*** RECORD EXCERPTS ***
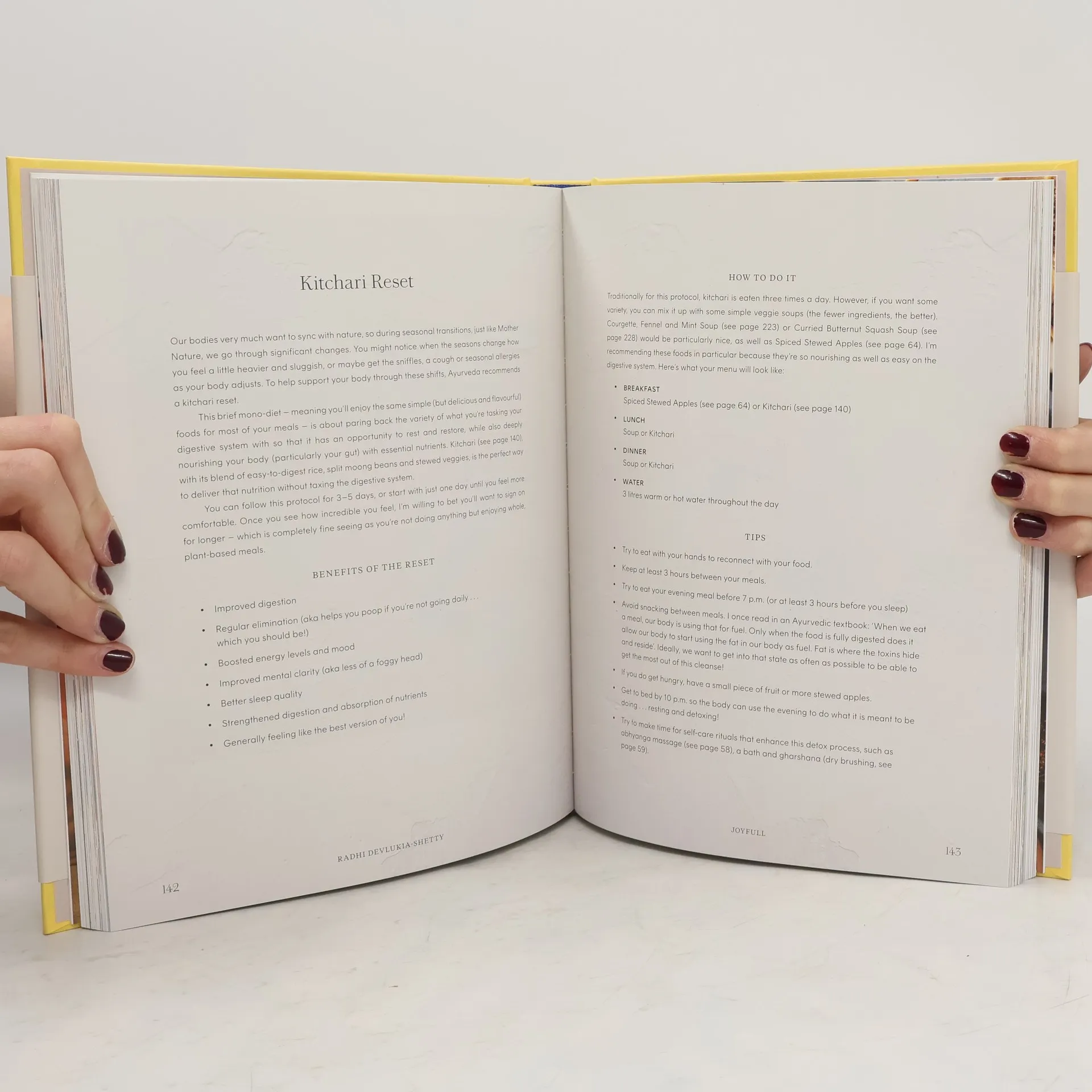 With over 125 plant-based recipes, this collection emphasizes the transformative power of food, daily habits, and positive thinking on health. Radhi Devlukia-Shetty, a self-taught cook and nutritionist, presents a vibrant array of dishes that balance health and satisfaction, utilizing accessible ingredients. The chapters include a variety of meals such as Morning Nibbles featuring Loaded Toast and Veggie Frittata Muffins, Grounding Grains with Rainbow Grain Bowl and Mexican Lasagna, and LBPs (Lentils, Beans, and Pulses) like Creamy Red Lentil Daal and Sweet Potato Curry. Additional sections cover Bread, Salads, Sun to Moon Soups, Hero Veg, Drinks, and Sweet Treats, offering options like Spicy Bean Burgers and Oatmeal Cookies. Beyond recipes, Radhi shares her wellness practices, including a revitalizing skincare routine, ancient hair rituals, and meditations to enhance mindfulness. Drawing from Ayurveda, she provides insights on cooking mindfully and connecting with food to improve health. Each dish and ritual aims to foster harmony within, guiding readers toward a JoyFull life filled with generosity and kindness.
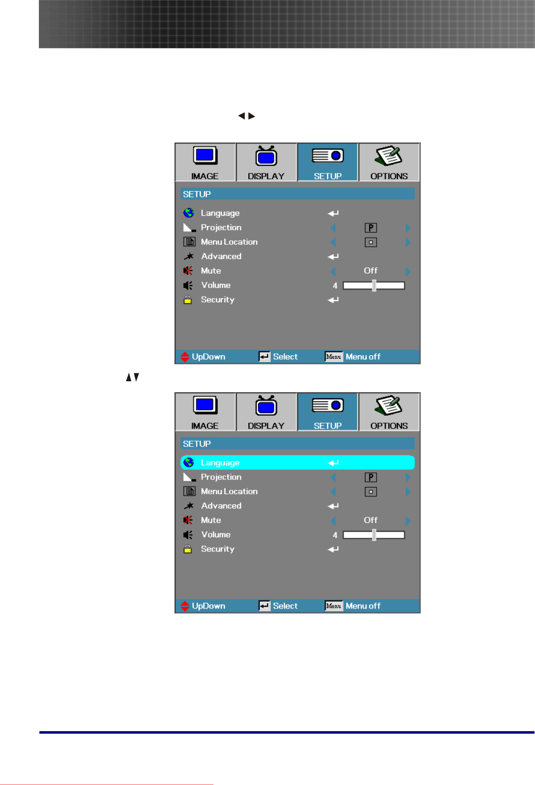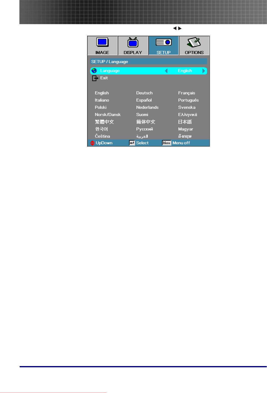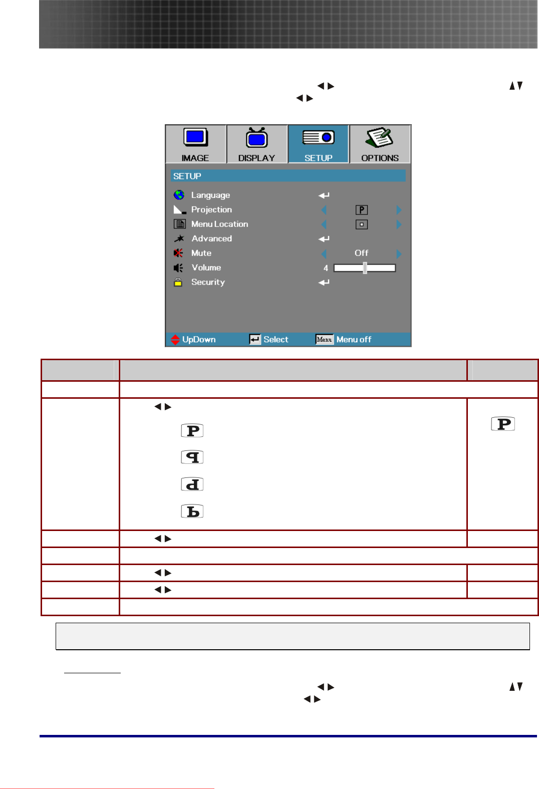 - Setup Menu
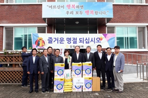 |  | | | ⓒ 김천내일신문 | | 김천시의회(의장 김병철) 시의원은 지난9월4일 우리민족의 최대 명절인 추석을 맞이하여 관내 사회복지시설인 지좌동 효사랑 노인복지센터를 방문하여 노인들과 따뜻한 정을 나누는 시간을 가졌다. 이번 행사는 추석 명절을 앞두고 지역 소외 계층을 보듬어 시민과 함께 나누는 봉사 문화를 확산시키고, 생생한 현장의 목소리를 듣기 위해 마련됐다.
*** End of RECORD EXCERPTS ***
*** RECORD EXCERPTS ***
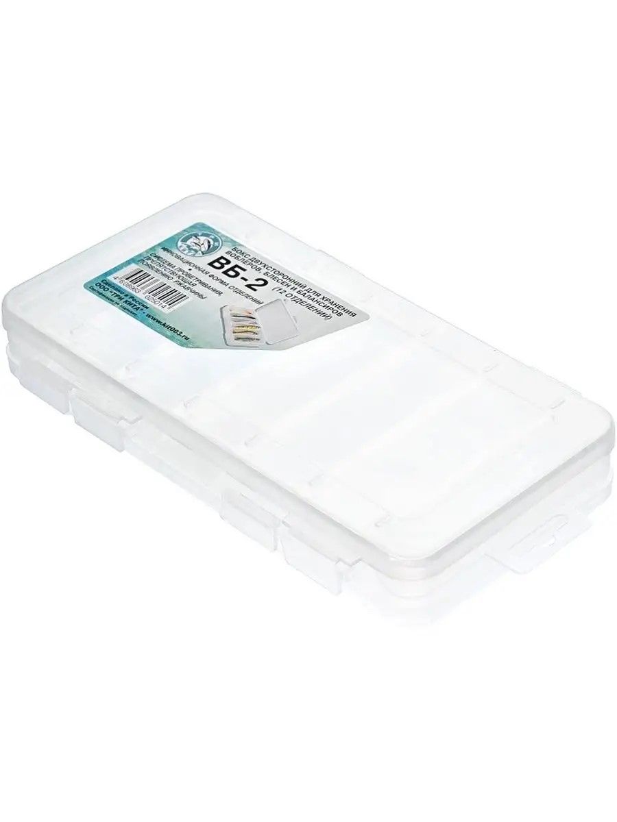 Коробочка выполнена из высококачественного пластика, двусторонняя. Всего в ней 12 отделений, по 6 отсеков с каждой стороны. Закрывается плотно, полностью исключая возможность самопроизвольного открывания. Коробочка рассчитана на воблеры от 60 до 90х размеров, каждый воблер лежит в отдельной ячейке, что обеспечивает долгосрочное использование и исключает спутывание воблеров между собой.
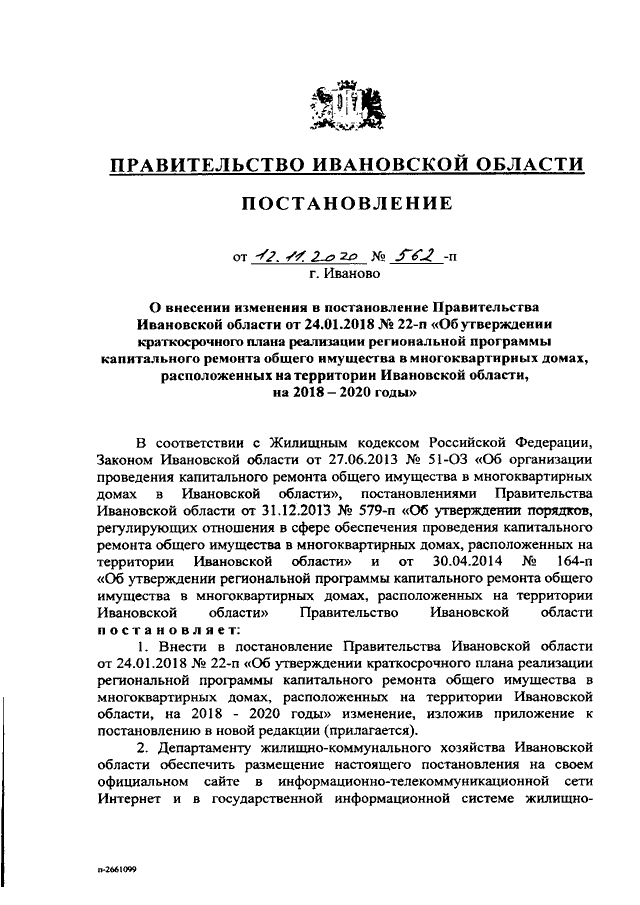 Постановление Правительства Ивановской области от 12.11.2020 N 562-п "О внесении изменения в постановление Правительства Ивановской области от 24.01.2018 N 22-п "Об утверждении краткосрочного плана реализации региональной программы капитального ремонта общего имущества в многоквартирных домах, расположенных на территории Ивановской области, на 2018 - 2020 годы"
*** End of RECORD EXCERPTS ***
TASK DESCRIPTION - Please return the data above exactly as it stands from the line with "With over 125" to the line with "듣기 위해 마련됐다.", keeping both of those lines but none of the pictures.

RESULT OF THIS TASK -
 With over 125 plant-based recipes, this collection emphasizes the transformative power of food, daily habits, and positive thinking on health. Radhi Devlukia-Shetty, a self-taught cook and nutritionist, presents a vibrant array of dishes that balance health and satisfaction, utilizing accessible ingredients. The chapters include a variety of meals such as Morning Nibbles featuring Loaded Toast and Veggie Frittata Muffins, Grounding Grains with Rainbow Grain Bowl and Mexican Lasagna, and LBPs (Lentils, Beans, and Pulses) like Creamy Red Lentil Daal and Sweet Potato Curry. Additional sections cover Bread, Salads, Sun to Moon Soups, Hero Veg, Drinks, and Sweet Treats, offering options like Spicy Bean Burgers and Oatmeal Cookies. Beyond recipes, Radhi shares her wellness practices, including a revitalizing skincare routine, ancient hair rituals, and meditations to enhance mindfulness. Drawing from Ayurveda, she provides insights on cooking mindfully and connecting with food to improve health. Each dish and ritual aims to foster harmony within, guiding readers toward a JoyFull life filled with generosity and kindness.
 - Setup Menu
 |  | | | ⓒ 김천내일신문 | | 김천시의회(의장 김병철) 시의원은 지난9월4일 우리민족의 최대 명절인 추석을 맞이하여 관내 사회복지시설인 지좌동 효사랑 노인복지센터를 방문하여 노인들과 따뜻한 정을 나누는 시간을 가졌다. 이번 행사는 추석 명절을 앞두고 지역 소외 계층을 보듬어 시민과 함께 나누는 봉사 문화를 확산시키고, 생생한 현장의 목소리를 듣기 위해 마련됐다.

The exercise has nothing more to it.